In 2003, The Jenny Jones Show broadcast its twelfth and final season. Since the show's conclusion, Jones has maintained that she has no interest in returning to television.

===2004–present: Philanthropy and Jenny Can Cook===
Since the conclusion of The Jenny Jones Show, Jones has maintained a relatively low profile. In 2005, she founded The Jenny Jones Foundation which provided assistance to underserved communities in Canada and the United States. In April 2006, she released a cookbook, Look Good, Feel Great Cookbook, and donated all of its proceeds to City of Hope Breast Cancer Research Treatment and Education. In 2008, Jones established Jenny's Heroes, a program in which she provided grants to people she deemed heroes in the United States. It was later expanded to include Jenny's Heroes Canada and Jenny's Heroes California, which also provided grants to volunteer firefighters. That same year, Jones established a YouTube channel and blog called Jenny Can Cook where she shares recipes. She stated that her "goal is to motivate more people to cook at home and make healthy eating a priority."

==Personal life==
Jones has been married three times. She married Al Gambino, a musician, in 1970; they divorced in 1972. Jones married Buz Wilburn, a record marketing executive, in 1973; they divorced in 1980. An earlier marriage was annulled. She is in a long-term relationship with Denis McCallion, a film-location manager.

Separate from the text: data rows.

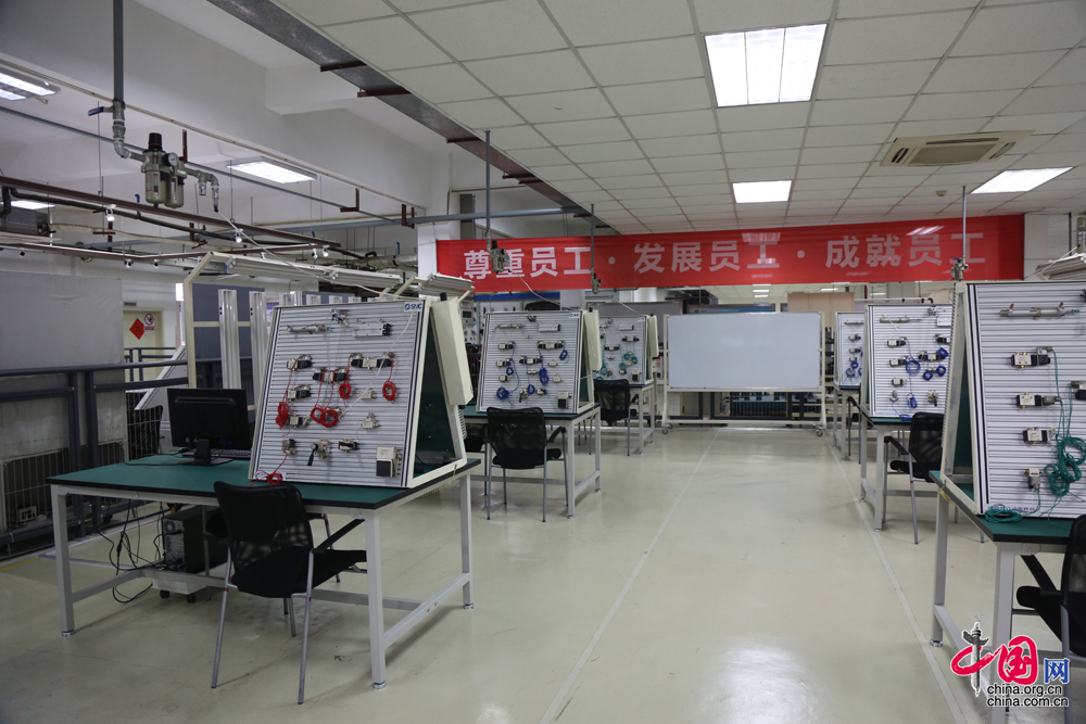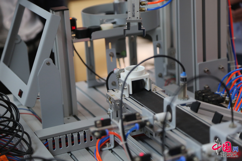 學員用來練習的光機電一體化實驗裝置,這是一個模擬機械手臂編程自動識別分揀系統,如果一個學員可以獨立完成模擬機械手臂的編程,基本就達到了技師水平。(中國網 楊楠 攝影報道)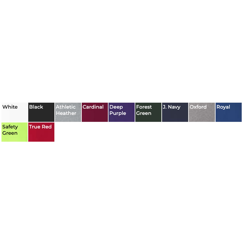 5.6 oz. Shoulder-to-shoulder tape; double-needle coverstitched front neck. Set-in sleeves. Rib cuffs with concealed seams. Seamless body for a wide printing area. Double-needle stitched hemmed bottom; seamless 1x1 rib collar. Average shipping .85 per piece. Colors and sizes may be assorted in any breakdown. Set Up: 38.00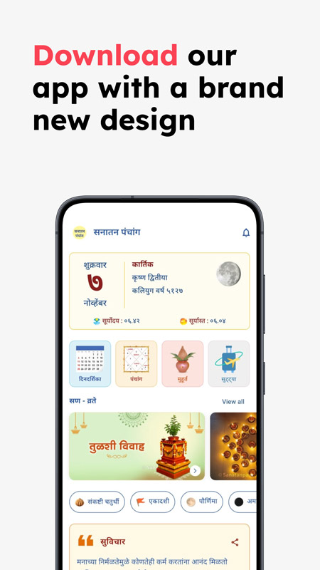 Quickly access Day, Date, Tithi and feature of the day on the dashboard with detailed information on Yog, Nakshatra, Karan etc.

===Women's health advocate===
Jones was an honorary chairperson for the Susan G. Komen for the Cure Chicago Race for the Cure, an annual event that raises awareness and money for breast cancer research. Jones also donated a mobile mammography motor coach to John H. Stroger Jr. Hospital of Cook County. Six silicone-implant operations since 1981 had left her with firm and asymmetrical breasts. Jones later had her breast implants removed, and publicly spoke out against them in a cover story article in People.

In 1992, Jones established the Image Foundation, which provided medical, legal, and psychological services to women who wanted to remove their breast implants.